然而惦记着黄陨的远不止郑心秋一个人,几乎能排成一个战狼中队,郑心秋在三年中学的晨读中见得最多的就是男生向黄陨告白,然后告白失败,男方灰溜溜地落逃。
郑心秋明白自己的劣势,也懂得黄陨的傲气,他蛰伏着、等待着,并没有莽撞行动。
他虽然不是四班的,无法坐拥“近水楼台先得月”
的天时地利,却最懂得勤奋改变命运这个道理,班主任天天在说这句话,郑心秋就把它运用到生活实际中。
由于郑的勤奋与坚持,他很是当了几回护花使者,最后经过与黄陨的促膝长谈之后,他彻底明白了“女神”
的心态与理想——在众多优秀的男生之间,她并非没有一个动心的,但她要的是一个最终能留下来陪她的男生,不是为了罗曼蒂克,不是为了一起考研出国攀登人生巅峰最后步进婚姻的殿堂而是为了去实现她的梦想——务川支教。
黄陨是从务川大山里出来的,她深感到故乡没有一所学校的悲哀,缺乏教育限制了那里孩子们对梦想的想象。
听起来是不错的,还带着一些任性,但现实永远残酷得多——郑心秋并没能劝黄陨回心转意,最后倒搭上她的黑车,一同驶往务川。
临别,一位“死党”
前来饯行,问道,“天涯何处无芳草,难道哥你真要为了美色放弃茅以升的桥梁?”
郑想了想,“去他的理想!”
“死党”
又问,“去了,还回来吗?”
郑模仿***的口吻讲,“回啊,当然回来,出去就是为了回来——不不不,可能不会回来了——老弟你珍重!”
说完扭头一行泪抛在西风中。
郑心秋离家出走那一刻算起,他已无路可回,他的父亲宣布郑家再无他这个儿子,养子不孝如养驴。
七月的务川天干寺镇,仍是流火飞跃,刚下“黑车”
的郑心秋立刻觉得自己被热浪拥住,身体略微有些不适,镇上又走几步,更觉浑身有如针刺。

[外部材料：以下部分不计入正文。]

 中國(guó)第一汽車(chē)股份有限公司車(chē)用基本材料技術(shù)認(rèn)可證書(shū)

镇子实在算不上大,沿途二三十米,零星分布着二三十户人家,郑心秋没看见走动的居民,只见敞着门的有一家杂货店,一家五金店,还有一爿奇特的铺子“道记丹砂”
,各司其职地坐落在路的两侧,没有饭店,没有书店,没有……哦,哪来的凉风?从小楼的间隙里可以看见外面的河流,适才“打车”

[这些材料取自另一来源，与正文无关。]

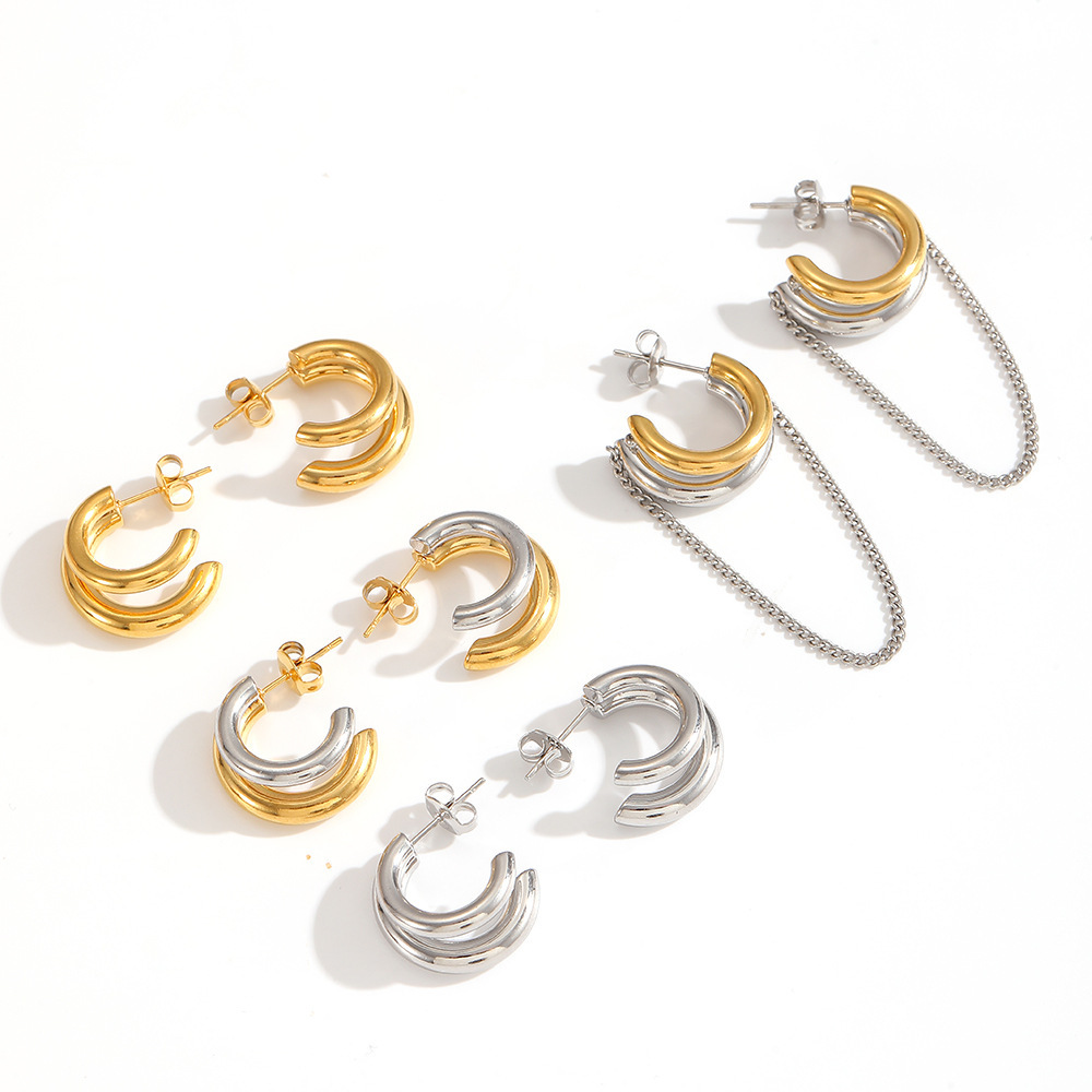 Double C-Shaped Stainless Steel Stud Earrings

翻过两行山,一条河,河应该和眼前这条相融;房子另一边,是小镇的靠山,半山上有一间山庙,瞅着崭新,刚上过漆的样子。
黄陨领着郑心秋走到了小镇尽头处的码头,岸边簇拥着一丛南竹,竹林下拴着两支舢板,每支撑破天能容纳三四个人。
竹阴处还有凉风,郑心秋自我感觉身体稳态恢复良好,举目而望,碧水东流,越往前方河面越宽广,驾着眼前的舢板顺流而行,似乎正是火车站方向。
“想好了吗?”
黄陨突然转过脸对郑心秋讲,“阿秋,何处合成愁——离人心上秋。”
长发扫到了他高傲的胸膛,“现在后悔还来得及哦!”
黄陨机巧地眨眨眼睛,“如果你真不想走了,我可以送你回去的,西天取经这才到第一站。”
黄陨给郑心秋指了指小镇马路的尽头,白花花、明晃晃地接着另外一条山路,“有人陪我走到这儿我已经非常开心了。”
郑心想,感情你是拿我扯淡!
我算是被逐出家门,无家可归的野人,还在乎何处流浪么?但他并没有说出来,也没拿眼去看她手指的地方,她的发梢还在撩拨着他的胸膛,撩拨着他的心。
郑心秋挽起她的长发,就势搂住她的双肩,深深地吻了下去。
接下来的路仿佛没那么难走了,两人手挽手几乎是跑着,像两只欢快的百灵鸟。
小镇公路笔直往前,爬过一弯小坡,扎进了一片硕大的苞谷田里,七月间,一行行,一畦畦的苞谷卸下了青纱帐,结上了颗粒饱满的棒子,有四五个仡佬族的妇女正在剥“树开花”
,手脚麻利,棒子刚下树就往背后篓子一抛,装满背上的家伙然后运到路边堆放一起,另外有三个男人挑着箩,四五个小孩背着秀山背篼儿在帮忙把苞谷棒子运回家。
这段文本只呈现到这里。